Replica del Dipartimento di Stato Usa: “La Lituania è un membro della Nato e gli Stati Uniti sono al suo fianco. Il nostro sostegno è blindato. Sin dall’inizio dell’ingiustificata invasione russa dell’Ucraina abbiamo sottolineato l’importanza dell’articolo 5 della Nato. E’ il fondamento dell’alleanza di cui la Lituania è membro”.
Se Mosca tentasse di forzare il corridoio per Kaliningrad entrando in territorio lituano oppure tentasse di aprirne uno alternativo via Bielorussia e Polonia oppure attuasse per ritorsione un qualche blocco navale nei confronti della Lituania si aprirebbero le porte ad uno scontro diretto Nato-Russia. Esisterebbero infatti le condizioni per fare scattare il tanto temuto quanto cogente articolo 5 del trattato istitutivo della Nato del 4 aprile 1949 che testualmente così dispone: “Le parti convengono che un attacco armato contro una o più di esse in Europa o nell'America settentrionale sarà considerato come un attacco diretto contro tutte le parti, e di conseguenza convengono che se un tale attacco si producesse, ciascuna di esse, nell'esercizio del diritto di legittima difesa, individuale o collettiva, riconosciuto dall'art. 51 dello Statuto delle Nazioni Unite, assisterà la parte o le parti così attaccate intraprendendo immediatamente, individualmente e di concerto con le altre parti, l'azione che giudicherà necessaria, ivi compreso l'uso della forza armata, per ristabilire e mantenere la sicurezza nella regione dell'Atlantico settentrionale. Ogni attacco armato di questo genere e tutte le misure prese in conseguenza di esso saranno immediatamente portate a conoscenza del Consiglio di Sicurezza. Queste misure termineranno allorché il Consiglio di Sicurezza avrà preso le misure necessarie per ristabilire e mantenere la pace e la sicurezza internazionali”.

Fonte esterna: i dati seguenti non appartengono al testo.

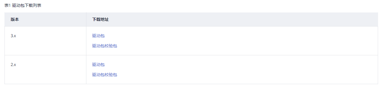 根据不同版本的实例,下载不同版本的发布包,如表1所示。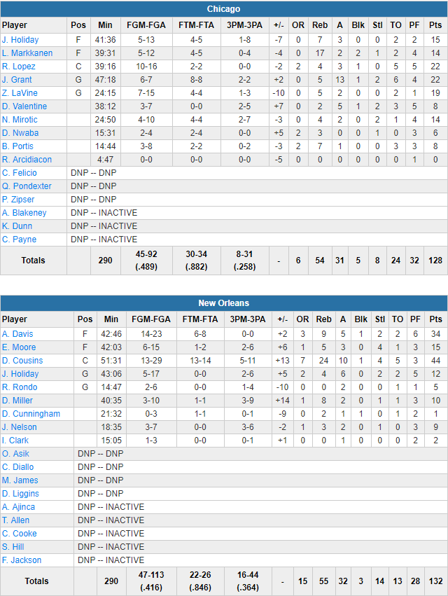 Aucune équipe n’a réussi à faire la différence en première prolongation malgré une dernière occasion pour les Pelicans mais le 3-pts de Ian Clark et la claquette d’Holiday ont été ratés. Alors que Davis a été sorti pour 6 fautes, Cousins a assuré dans la seconde prolongation avec les 5 premiers points. Chicago est revenu à 2 unités à 31 secondes de la fin mais il a rentré 2 lancers qui ont plié le match.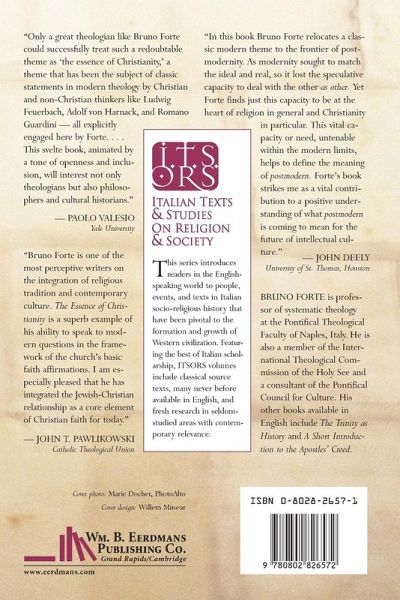 Foreword by Geoffrey Wainwright Postmodern thought has attempted to strip many traditional values and beliefs of their power, and the Christian faith is no exception. In this spiritually and intellectually wise book Bruno Forte upholds the "essence" -- the heart and meaning -- of Christianity despite the claims of the contemporary world. In the tradition of thinkers like Feuerbach, Harnack, and Guardini, Forte restates what is unique, reliable, and universal about Christianity for our current age. After outlining in broad terms the nature of postmodernity and its challenges to traditional faith, Forte proceeds, with the voice of one intimately in love with God, to present anew what lies at the heart of genuine Christianity and why it is still good news for women and men today. Among the many books on postmodernism, this one is distinct for its conscientious dialogue with postmodern culture and its clear proclamation of meaningful faith. It will interest everyone pondering the role of Christianity in contemporary life.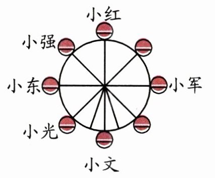 (1)当小东转到小红现在的位置时,小军转到了谁现在的位置?用笔圈一圈。

In altre parole: si aprirebbe un secondo fronte di guerra dopo quello ucraino. Con la sostanziale differenza che l’Ucraina non fa parte della Nato e quindi non ha comportato obblighi diretti di coinvolgimento ed impegno di truppe sul terreno da parte dei paesi della Nato.
Una polveriera. Di peggio non si poteva partorire per Kaliningrad e la piccola quanto incauta Lituania non poteva apparecchiare. Ma il governo di Vilnius, capitale della Lituania, smentisce Mosca. Secondo Vilnius il blocco a seguito delle sanzioni colpisce solo l’1 per cento del movimento dal territorio metropolitano in direzione dell’exclave. Se così fosse saremmo alle prese con l’ennesimo caso di “disinformazia” russa creato apposta per provocare pretesti.
Alla vigilia della Seconda Guerra Mondiale un giornalista e parlamentare francese scrisse una frase rimasta famosa “Ma morire per Danzica no!”. Non è che a noi toccherà “morire per Kaliningrad” o, più precisamente, perché attraverso il corridoio lituano dalla Russia …non arrivano più il caviale e i sigari agli abitanti di Kaliningrad?